» Excerpted data

# # # # #

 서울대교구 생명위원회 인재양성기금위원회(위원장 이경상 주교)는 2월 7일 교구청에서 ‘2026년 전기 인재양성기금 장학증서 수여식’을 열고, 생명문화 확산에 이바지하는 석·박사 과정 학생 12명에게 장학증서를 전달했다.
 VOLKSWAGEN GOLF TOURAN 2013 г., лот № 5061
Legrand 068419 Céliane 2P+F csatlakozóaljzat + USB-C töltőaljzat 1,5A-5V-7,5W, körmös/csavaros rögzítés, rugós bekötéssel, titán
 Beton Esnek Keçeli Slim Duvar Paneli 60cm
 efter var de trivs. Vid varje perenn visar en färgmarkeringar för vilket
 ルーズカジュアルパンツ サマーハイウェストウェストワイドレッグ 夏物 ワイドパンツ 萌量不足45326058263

# # # # #

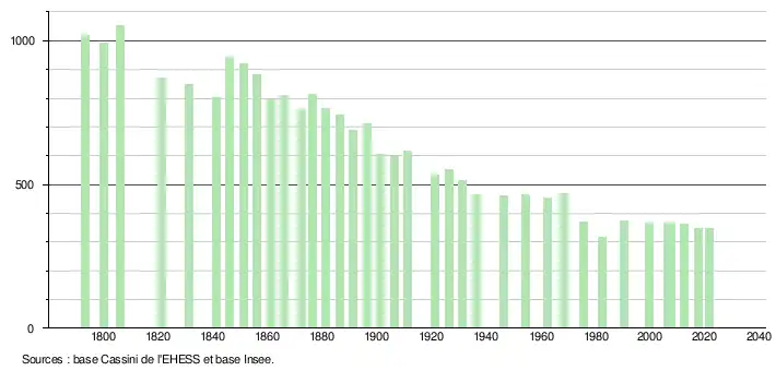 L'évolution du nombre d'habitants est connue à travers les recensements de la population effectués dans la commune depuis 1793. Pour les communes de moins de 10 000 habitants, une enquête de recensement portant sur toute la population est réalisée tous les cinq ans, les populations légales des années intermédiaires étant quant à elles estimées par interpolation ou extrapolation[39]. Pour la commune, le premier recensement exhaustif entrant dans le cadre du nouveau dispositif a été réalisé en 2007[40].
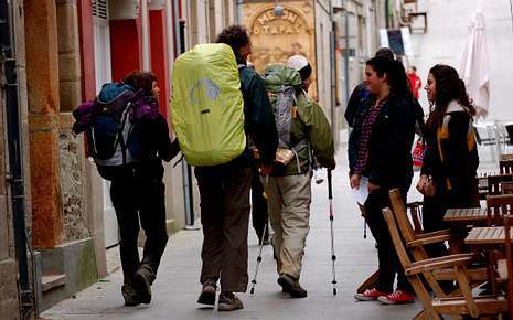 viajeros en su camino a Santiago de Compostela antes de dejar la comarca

# # # # #

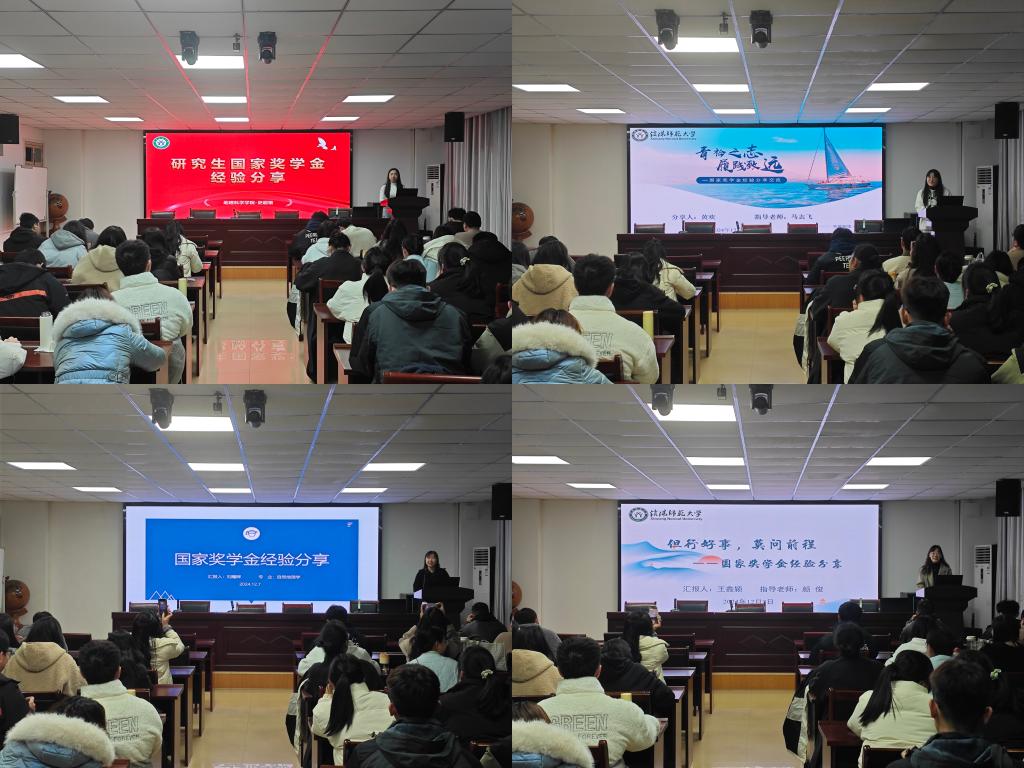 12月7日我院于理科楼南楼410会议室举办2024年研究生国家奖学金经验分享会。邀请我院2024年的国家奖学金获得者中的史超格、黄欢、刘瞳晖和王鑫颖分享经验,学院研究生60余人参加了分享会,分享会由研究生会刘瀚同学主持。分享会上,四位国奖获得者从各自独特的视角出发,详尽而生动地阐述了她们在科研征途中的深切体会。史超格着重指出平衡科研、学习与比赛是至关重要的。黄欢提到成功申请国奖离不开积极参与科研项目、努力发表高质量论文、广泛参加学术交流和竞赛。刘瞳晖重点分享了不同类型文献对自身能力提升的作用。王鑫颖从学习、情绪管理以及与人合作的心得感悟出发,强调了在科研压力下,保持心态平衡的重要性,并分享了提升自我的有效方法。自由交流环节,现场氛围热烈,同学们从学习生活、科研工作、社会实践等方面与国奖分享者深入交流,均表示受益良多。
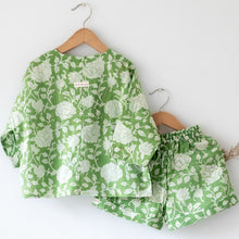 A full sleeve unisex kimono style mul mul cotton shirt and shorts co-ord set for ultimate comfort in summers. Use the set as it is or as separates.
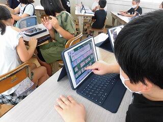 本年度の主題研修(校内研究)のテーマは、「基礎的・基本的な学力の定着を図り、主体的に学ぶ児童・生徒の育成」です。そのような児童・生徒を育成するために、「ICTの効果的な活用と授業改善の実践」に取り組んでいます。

# # # # #

» Brief
Take the entries above and copy exactly the lines starting at the one with "12月7日我院于理科楼南楼4" and ending at the one with "本年度の主題研修(校内研究)"; nothing outside that span, and no pictures.

» Completed exercise
 12月7日我院于理科楼南楼410会议室举办2024年研究生国家奖学金经验分享会。邀请我院2024年的国家奖学金获得者中的史超格、黄欢、刘瞳晖和王鑫颖分享经验,学院研究生60余人参加了分享会,分享会由研究生会刘瀚同学主持。分享会上,四位国奖获得者从各自独特的视角出发,详尽而生动地阐述了她们在科研征途中的深切体会。史超格着重指出平衡科研、学习与比赛是至关重要的。黄欢提到成功申请国奖离不开积极参与科研项目、努力发表高质量论文、广泛参加学术交流和竞赛。刘瞳晖重点分享了不同类型文献对自身能力提升的作用。王鑫颖从学习、情绪管理以及与人合作的心得感悟出发,强调了在科研压力下,保持心态平衡的重要性,并分享了提升自我的有效方法。自由交流环节,现场氛围热烈,同学们从学习生活、科研工作、社会实践等方面与国奖分享者深入交流,均表示受益良多。
 A full sleeve unisex kimono style mul mul cotton shirt and shorts co-ord set for ultimate comfort in summers. Use the set as it is or as separates.
 本年度の主題研修(校内研究)のテーマは、「基礎的・基本的な学力の定着を図り、主体的に学ぶ児童・生徒の育成」です。そのような児童・生徒を育成するために、「ICTの効果的な活用と授業改善の実践」に取り組んでいます。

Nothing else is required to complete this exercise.